Dataset excerpts
----

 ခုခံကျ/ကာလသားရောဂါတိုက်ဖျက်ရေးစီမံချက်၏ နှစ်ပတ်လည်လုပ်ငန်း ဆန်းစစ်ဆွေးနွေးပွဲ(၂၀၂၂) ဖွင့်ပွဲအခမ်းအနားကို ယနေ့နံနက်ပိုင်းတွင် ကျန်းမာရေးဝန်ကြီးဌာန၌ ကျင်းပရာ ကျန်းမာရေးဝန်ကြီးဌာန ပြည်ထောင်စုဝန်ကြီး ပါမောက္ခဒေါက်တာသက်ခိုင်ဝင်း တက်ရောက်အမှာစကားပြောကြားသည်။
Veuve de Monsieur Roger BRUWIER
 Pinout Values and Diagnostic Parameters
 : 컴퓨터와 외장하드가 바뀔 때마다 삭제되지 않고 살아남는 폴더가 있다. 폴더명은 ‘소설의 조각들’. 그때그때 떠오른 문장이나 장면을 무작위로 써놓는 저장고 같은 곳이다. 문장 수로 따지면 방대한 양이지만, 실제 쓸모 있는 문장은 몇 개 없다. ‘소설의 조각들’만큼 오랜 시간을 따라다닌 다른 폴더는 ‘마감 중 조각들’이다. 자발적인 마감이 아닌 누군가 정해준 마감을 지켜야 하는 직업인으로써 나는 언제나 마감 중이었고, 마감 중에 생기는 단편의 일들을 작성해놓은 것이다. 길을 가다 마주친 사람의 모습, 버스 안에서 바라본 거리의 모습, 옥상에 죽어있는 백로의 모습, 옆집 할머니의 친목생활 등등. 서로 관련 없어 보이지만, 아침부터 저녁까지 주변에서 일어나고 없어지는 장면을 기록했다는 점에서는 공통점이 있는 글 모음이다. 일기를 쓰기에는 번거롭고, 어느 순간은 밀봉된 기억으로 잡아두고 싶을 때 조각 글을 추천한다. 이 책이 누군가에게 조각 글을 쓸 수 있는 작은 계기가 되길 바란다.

----

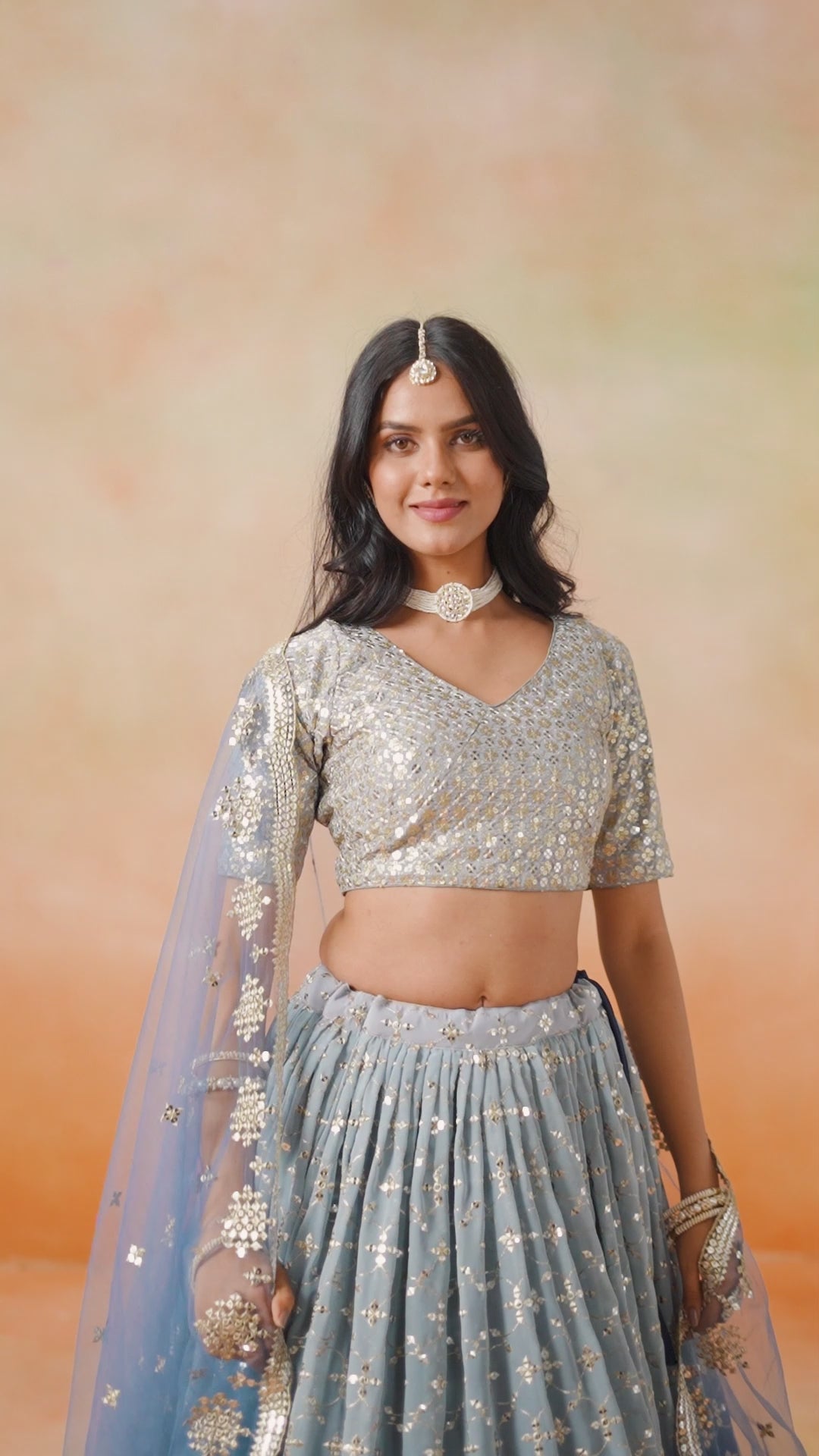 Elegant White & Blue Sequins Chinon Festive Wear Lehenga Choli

----

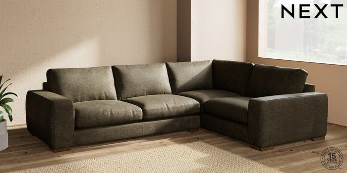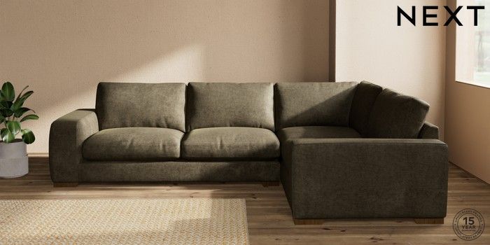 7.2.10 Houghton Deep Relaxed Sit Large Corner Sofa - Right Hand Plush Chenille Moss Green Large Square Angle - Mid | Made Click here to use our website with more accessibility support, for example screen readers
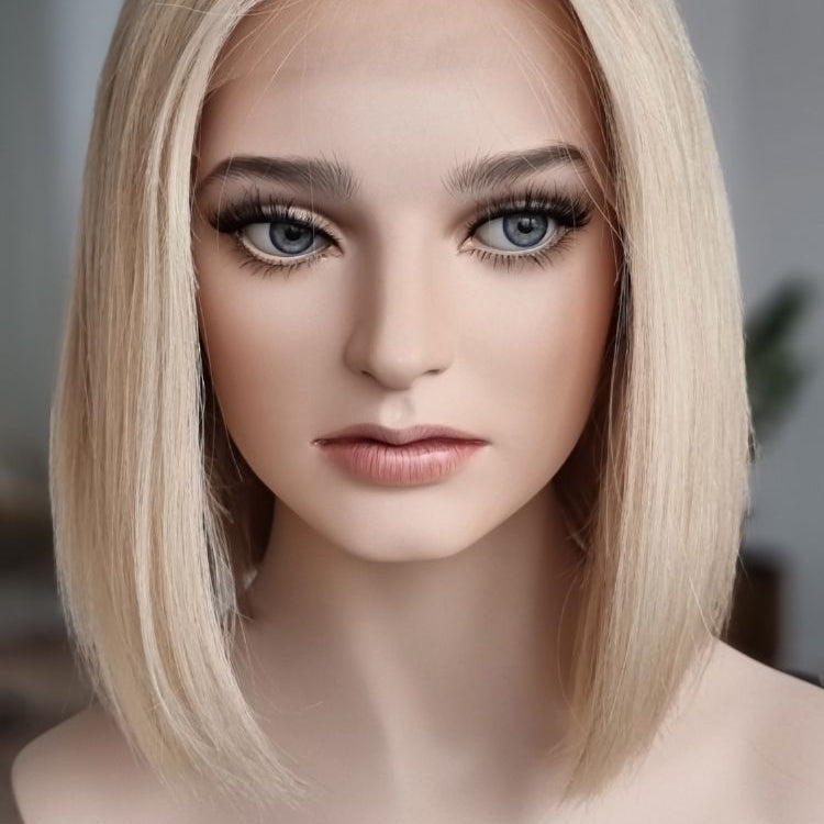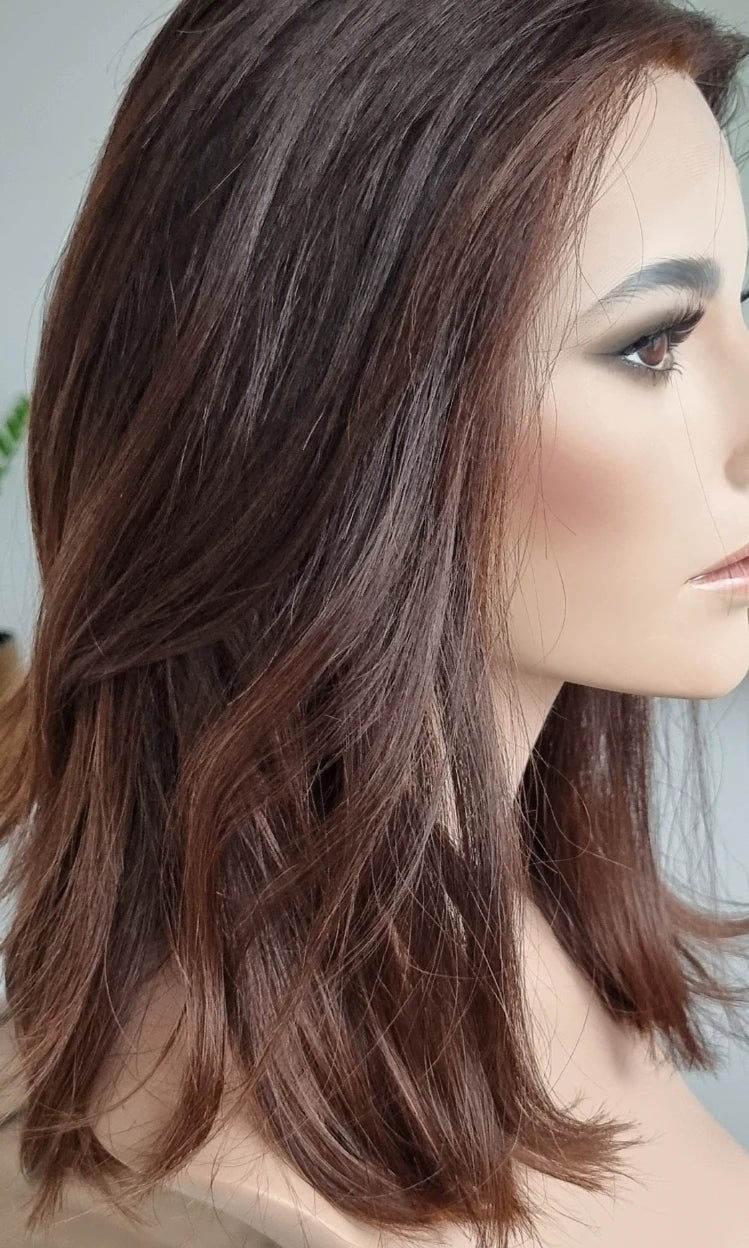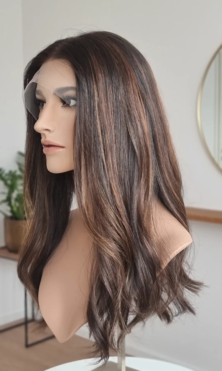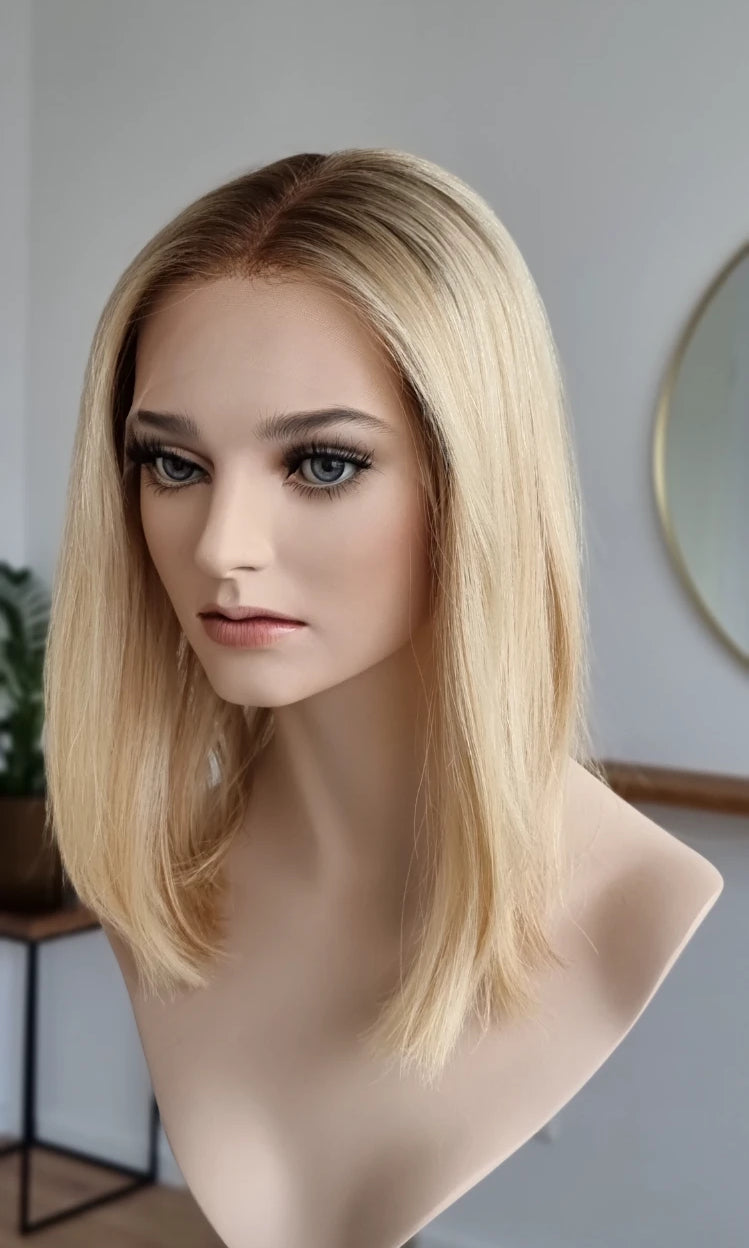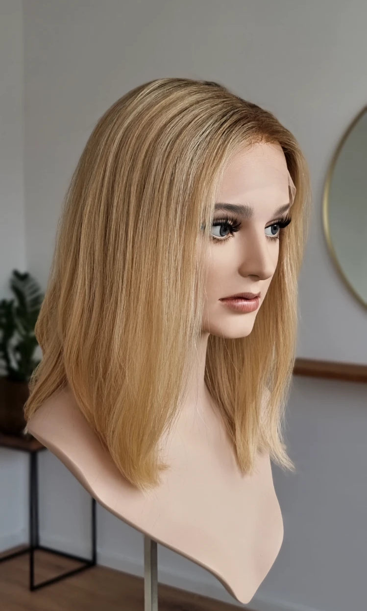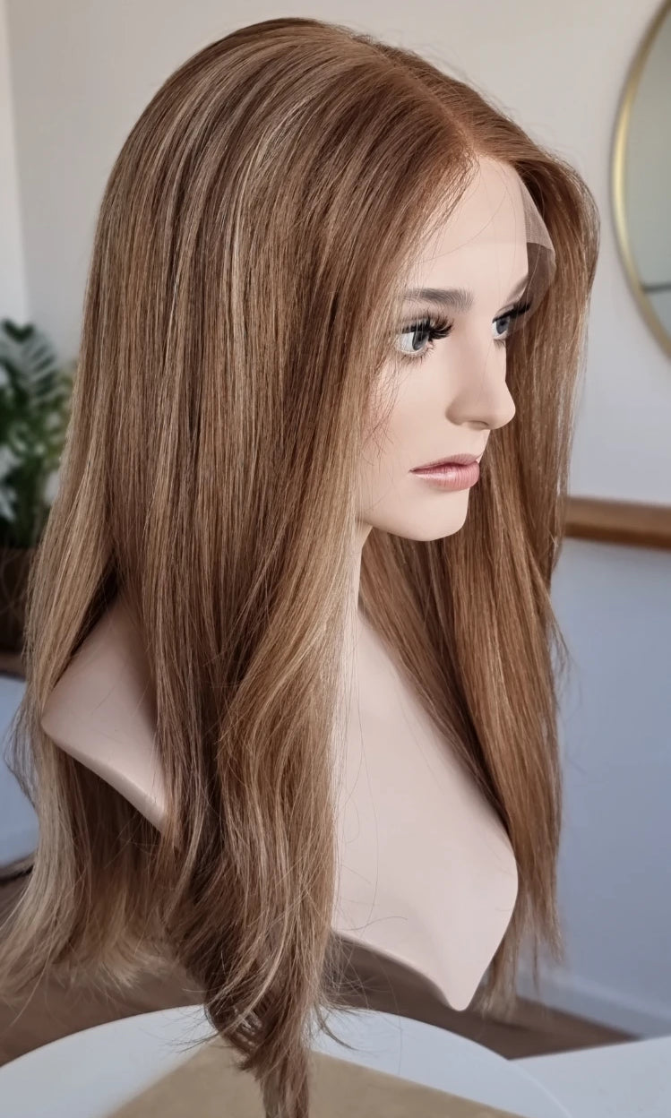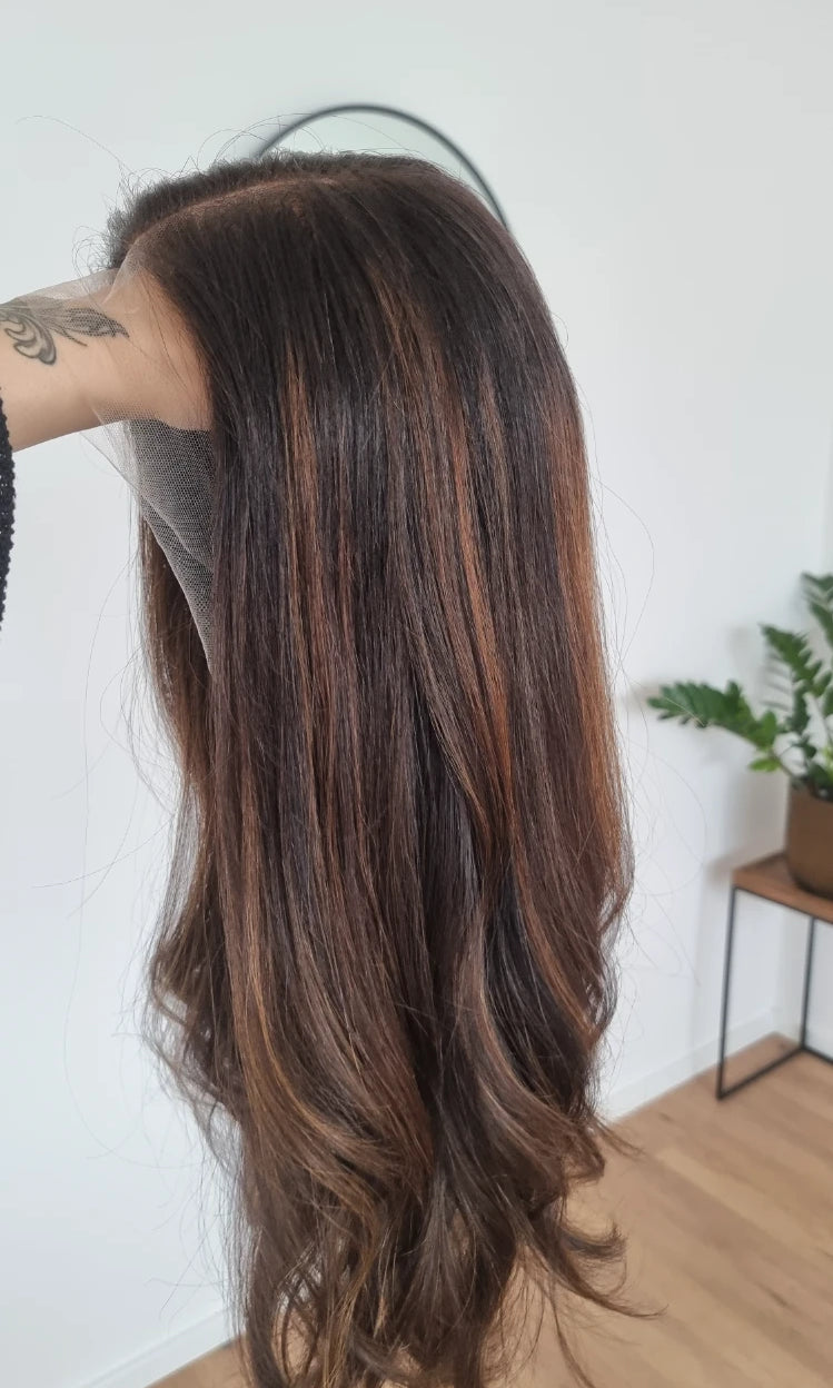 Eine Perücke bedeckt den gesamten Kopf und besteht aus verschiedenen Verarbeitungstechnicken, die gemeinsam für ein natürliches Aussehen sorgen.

----

Try it
Reproducing the whole listing above is not the task. Copy exactly only the lines from the one with "Veuve de Monsieur Roger BRUWIER" to the one with "계기가 되길 바란다.", both kept.

Solution to this task
Veuve de Monsieur Roger BRUWIER
 Pinout Values and Diagnostic Parameters
 : 컴퓨터와 외장하드가 바뀔 때마다 삭제되지 않고 살아남는 폴더가 있다. 폴더명은 ‘소설의 조각들’. 그때그때 떠오른 문장이나 장면을 무작위로 써놓는 저장고 같은 곳이다. 문장 수로 따지면 방대한 양이지만, 실제 쓸모 있는 문장은 몇 개 없다. ‘소설의 조각들’만큼 오랜 시간을 따라다닌 다른 폴더는 ‘마감 중 조각들’이다. 자발적인 마감이 아닌 누군가 정해준 마감을 지켜야 하는 직업인으로써 나는 언제나 마감 중이었고, 마감 중에 생기는 단편의 일들을 작성해놓은 것이다. 길을 가다 마주친 사람의 모습, 버스 안에서 바라본 거리의 모습, 옥상에 죽어있는 백로의 모습, 옆집 할머니의 친목생활 등등. 서로 관련 없어 보이지만, 아침부터 저녁까지 주변에서 일어나고 없어지는 장면을 기록했다는 점에서는 공통점이 있는 글 모음이다. 일기를 쓰기에는 번거롭고, 어느 순간은 밀봉된 기억으로 잡아두고 싶을 때 조각 글을 추천한다. 이 책이 누군가에게 조각 글을 쓸 수 있는 작은 계기가 되길 바란다.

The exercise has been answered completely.